Puglia (also sometimes seen spelled “Apulia”) is Italy’s unrivalled southern breadbasket…and garden, and major fishing center too. This region’s terrain is largely flat to hilly (so it’s easy to till), mostly very fertile, sun-flooded, and is nearly surrounded by frothing azure seas whose briny depths are home to as many frutti di mare as fruits and veggies are grown on land in this region’s deep, generous soils…
And on the shadier, steeper, and rockier outcroppings of earth in this naturally blessed region are found many of the sites of Puglia’s thousands and thousands of vineyards – so many in fact, that Puglia ranks second only to Veneto in the overall production of grapes in all of Italy, though most of the fruit grown in Puglia that becomes wine is red (the particular composition of the soils, the intense heat, and incessant sun make white wine production in Puglia quite difficult).
Puglia’s single most famous red grape variety is known here by its local name Primitivo, but is known to most of the rest of the world by its American alias, Zinfandel…So if Primitivo/Zinfandel is Puglia’s most celebrated vine variety, Salice Salentino in southeastern Puglia is surely the region’s most famous appellation. Made primarily from the severely underrated Negroamaro (neg-ro-ah-MAH-ro) variety, and another local variety called Malvasia Nera (that include sub-varieties with suffixes like -di Lecce, and -di Brindisi ), this is a region that makes very little crappy wine, and from the best producers (like this one), the quality and depth can be flabbergasting, especially when considering price.

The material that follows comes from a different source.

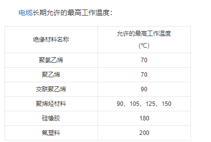 常规计算机电缆敷设时最低环境温度为0℃,电缆长期允许的最高工作温度见上图: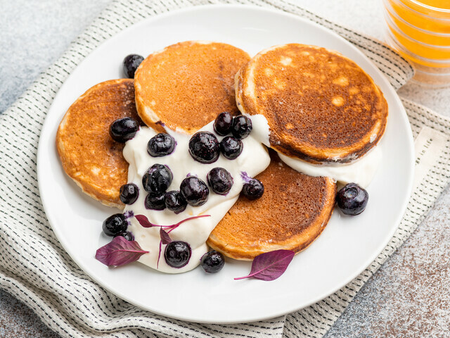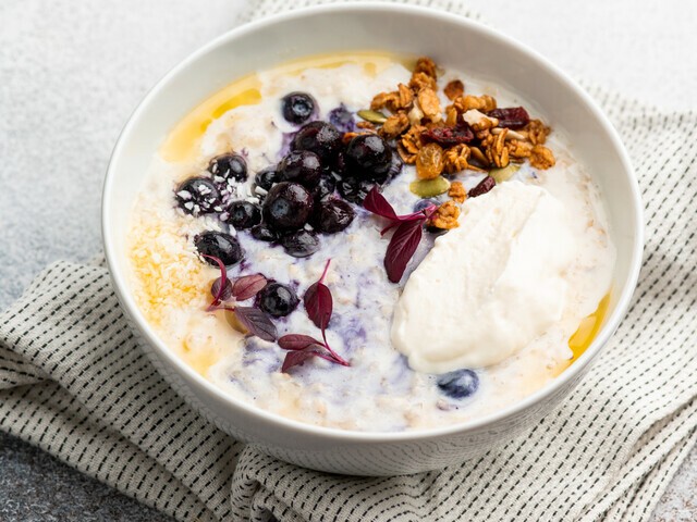 Овсяные хлопья, молоко, черника, ванильный соус, масло сливочное, стружка кокосовая, мята.

This particular wine comes from a producer whose entire production has been certified organic, and it is clearly made in a very gregarious, “natural”, unfiltered style as well. That said, because Puglia’s very hot, bright, and dry climate is so fundamentally inhospitable to pests, be they fungoid, insectoid or whatever, in many years most growers do not do anything that would disqualify them as organic, though their wines are not strictly so demarcated.
Tonight’s dinner consisted of pennoni pasta with a simple pureed sauce of fava beans, mint, scallions, etc. and then thin swordfish steaks marinated in lemon, olive oil, garlic, lots of oregano, S&P, floured, egg-dipped, breadcrumbed, and pan-fried, served with crispy roasted potatoes.
Azienda Agricola Natalino del Prete Salice Salentino “Torre Nova” 2009
Deep, opaque, cloudy and sultry blackish garnet color. Very complex and “pulpy” aromas of minerals, dried flowers, blackberry, barnyard, licorice, chimney, motor oil, country air, cucumber, mocha, and pine tar. The wine in the mouth is big, full-bodied, dense and chewy in texture, with a powerful, fine, deep, and polished tannic structure on which are hung rich, vivid, three-dimensional flavors of juniper, black cherry, black currant, prune juice, sap, and woody herbs. The finish is very long, intense, warm and dry, with clear flavors of blood orange juice and raisins. A wine of powerful, expressive, and profound rustic elegance.